NQL supports standard SQL operators for comparisons, logic, arithmetic, and pattern matching.
Comparison operators
Compare two values and return a boolean result.
| Operator | Description | Example |
|---|
= | Equal to | status = 'active' |
<> | Not equal to | status <> 'deleted' |
< | Less than | age < 30 |
> | Greater than | score > 90 |
<= | Less than or equal | price <= 100 |
>= | Greater than or equal | created_at >= '2024-01-01' |
Examples
SELECT *
FROM company_data."123"
WHERE
status = 'active'
AND age >= 18
AND age < 65
AND score > 75
Comparisons involving NULL return NULL, not true or false. Use IS NULL or IS NOT NULL for NULL checks.
Logical operators
Combine boolean expressions.
| Operator | Description | Example |
|---|
AND | Both conditions true | a > 0 AND b > 0 |
OR | Either condition true | status = 'a' OR status = 'b' |
NOT | Negates condition | NOT is_deleted |
Operator precedence
NOT is evaluated before AND, which is evaluated before OR. Use parentheses for clarity:
-- Without parentheses: AND binds tighter than OR
WHERE a = 1 OR b = 2 AND c = 3
-- Equivalent to: a = 1 OR (b = 2 AND c = 3)

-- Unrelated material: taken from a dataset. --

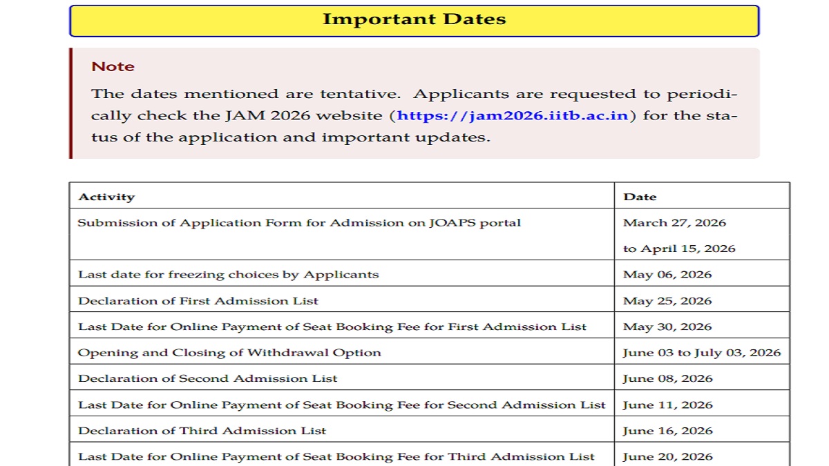 IIT JAM Counselling 2026 Dates OUT; JOAPS Portal to Open From March 27

-- With parentheses for clarity
WHERE (a = 1 OR b = 2) AND c = 3
Examples
SELECT *
FROM company_data."123"
WHERE
(status = 'active' OR status = 'pending')
AND NOT is_deleted
AND (score > 90 OR is_premium = true)
Arithmetic operators
Perform mathematical calculations on numeric values.

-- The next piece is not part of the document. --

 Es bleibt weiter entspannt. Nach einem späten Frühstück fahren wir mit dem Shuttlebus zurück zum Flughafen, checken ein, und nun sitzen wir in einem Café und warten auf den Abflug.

| Operator | Description | Example |
|---|
+ | Addition | price + tax |
- | Subtraction | total - discount |
* | Multiplication | quantity * unit_price |
/ | Division | total / count |
Examples
SELECT
quantity * unit_price AS line_total,
(quantity * unit_price) * 1.0825 AS total_with_tax,
total_amount / num_items AS average_item_price,
score - baseline AS improvement
FROM company_data."123"
Division by zero returns NULL in NQL. Consider using NULLIF to handle potential zero divisors:
total / NULLIF(count, 0)
String operators
Concatenation
The || operator concatenates strings:
SELECT
first_name || ' ' || last_name AS full_name,
city || ', ' || state AS location
FROM company_data."123"
Non-string values are implicitly converted to strings:
SELECT
'User #' || user_id AS user_label,
'Score: ' || score || '%' AS score_display
FROM company_data."123"
IN and NOT IN
Test membership in a set of values.
Syntax
column IN (value1, value2, value3)
column NOT IN (value1, value2)
Examples
SELECT *
FROM company_data."123"
WHERE
status IN ('active', 'pending', 'review')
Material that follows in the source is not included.